-- Your assignment --
Every line from the start of the data through the line containing "5.裝修風格採現代極簡風格,可隨自己喜愛" should be retyped exactly; the pictures should not.

-- Dataset excerpt --
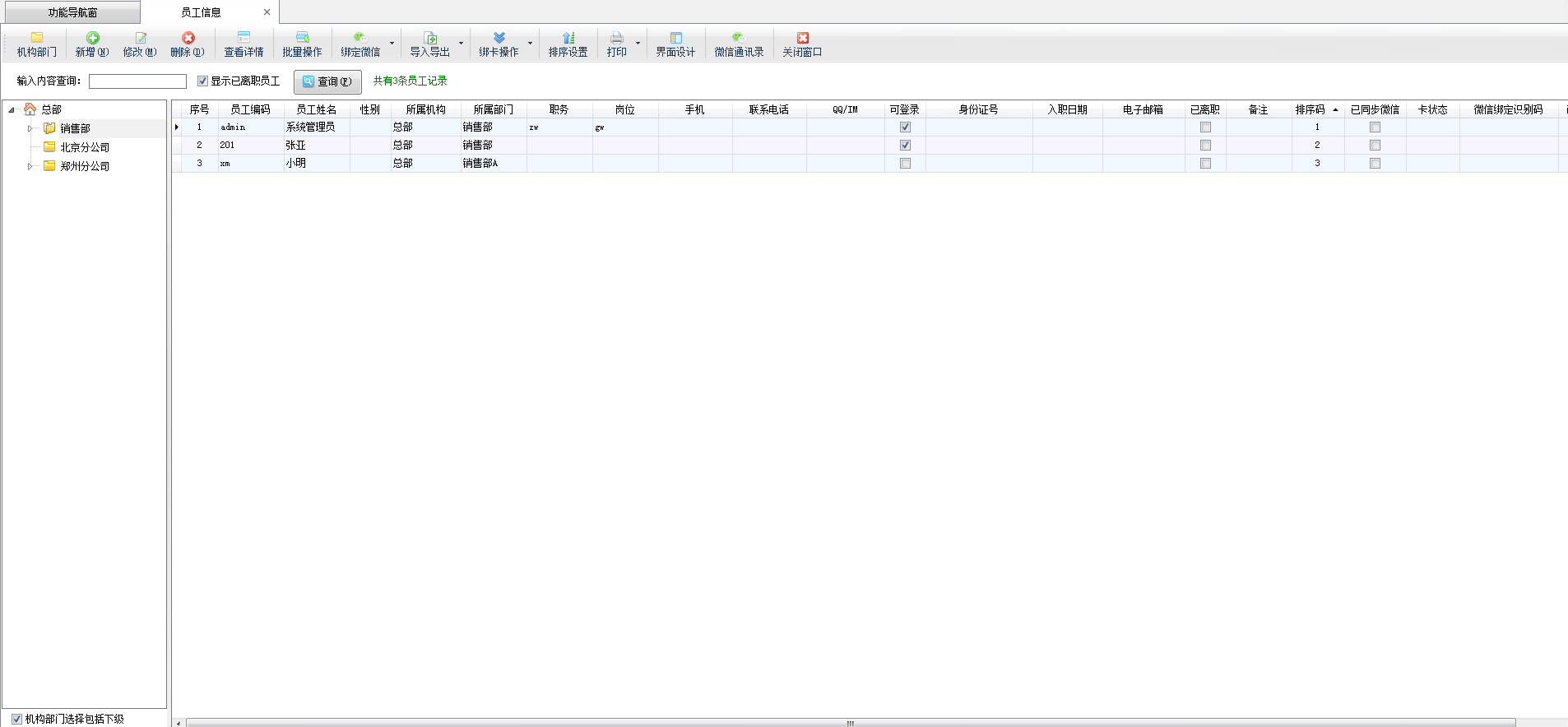 点“新增部门”可以增加新的部门,点“修改部门”可以修改部门信息,点“删除部门”可以删除部门。点“查看详情”可以查看部门信息,查看部门信息窗口默认是只能查看,无法修改的。
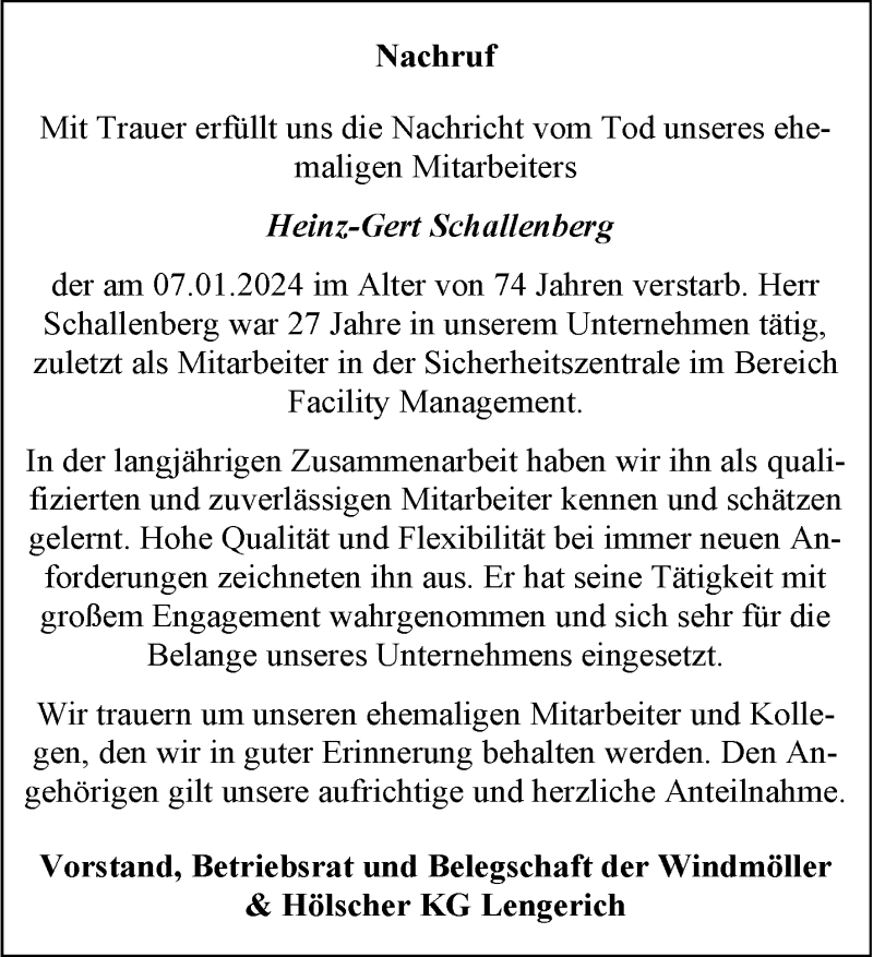 Hier finden Sie alle Traueranzeigen aus der Zeitung, die bisher für Heinz-Gert Schallenberg erschienen sind. Weitere Traueranzeigen, die in der Zeitung erscheinen, werden hier ebenfalls aufgelistet
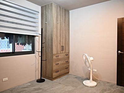 5.裝修風格採現代極簡風格,可隨自己喜愛調整牆面顏色即可改變風格,現況房間與客廳的設計調性不同,房間刷上溫暖柔和色系,櫃體採頂天立牢靠收納多,皆有對外採光。
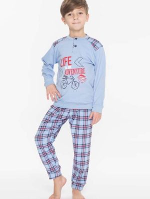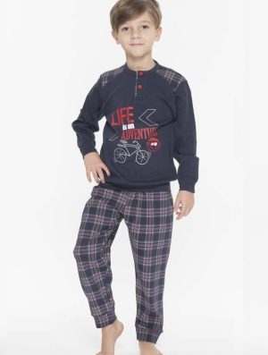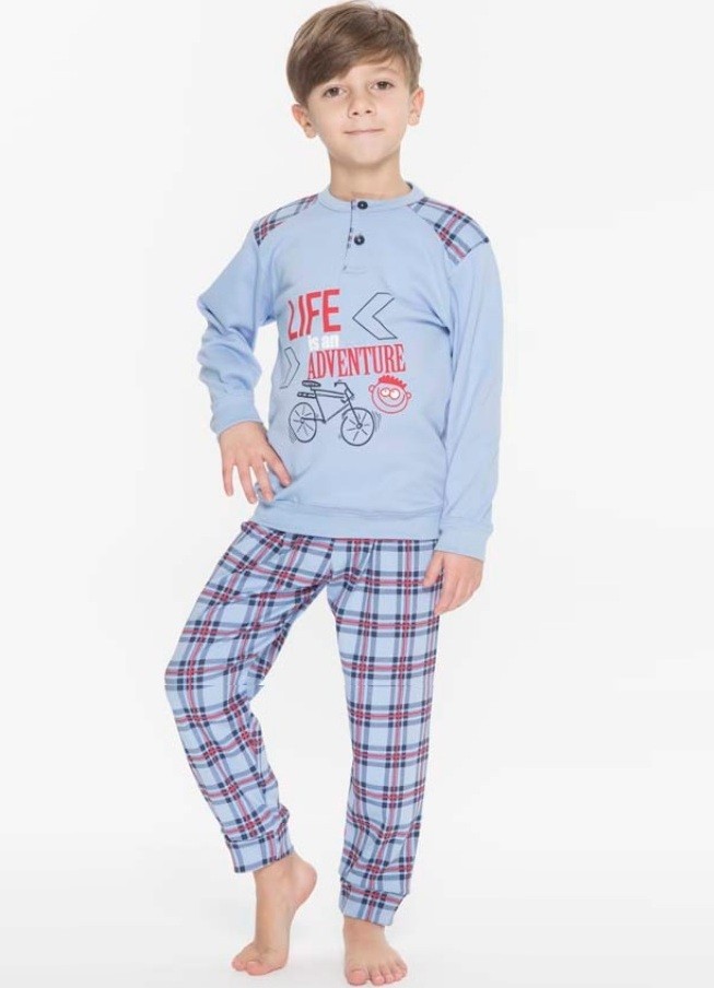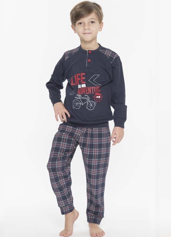 Pigiama realizzato in caldo cotone composto da maglia a tinta unita con stampa ed elastico sotto e pantalone fantasia con bordo in costina

-- Result for this task --
 点“新增部门”可以增加新的部门,点“修改部门”可以修改部门信息,点“删除部门”可以删除部门。点“查看详情”可以查看部门信息,查看部门信息窗口默认是只能查看,无法修改的。
 Hier finden Sie alle Traueranzeigen aus der Zeitung, die bisher für Heinz-Gert Schallenberg erschienen sind. Weitere Traueranzeigen, die in der Zeitung erscheinen, werden hier ebenfalls aufgelistet
 5.裝修風格採現代極簡風格,可隨自己喜愛調整牆面顏色即可改變風格,現況房間與客廳的設計調性不同,房間刷上溫暖柔和色系,櫃體採頂天立牢靠收納多,皆有對外採光。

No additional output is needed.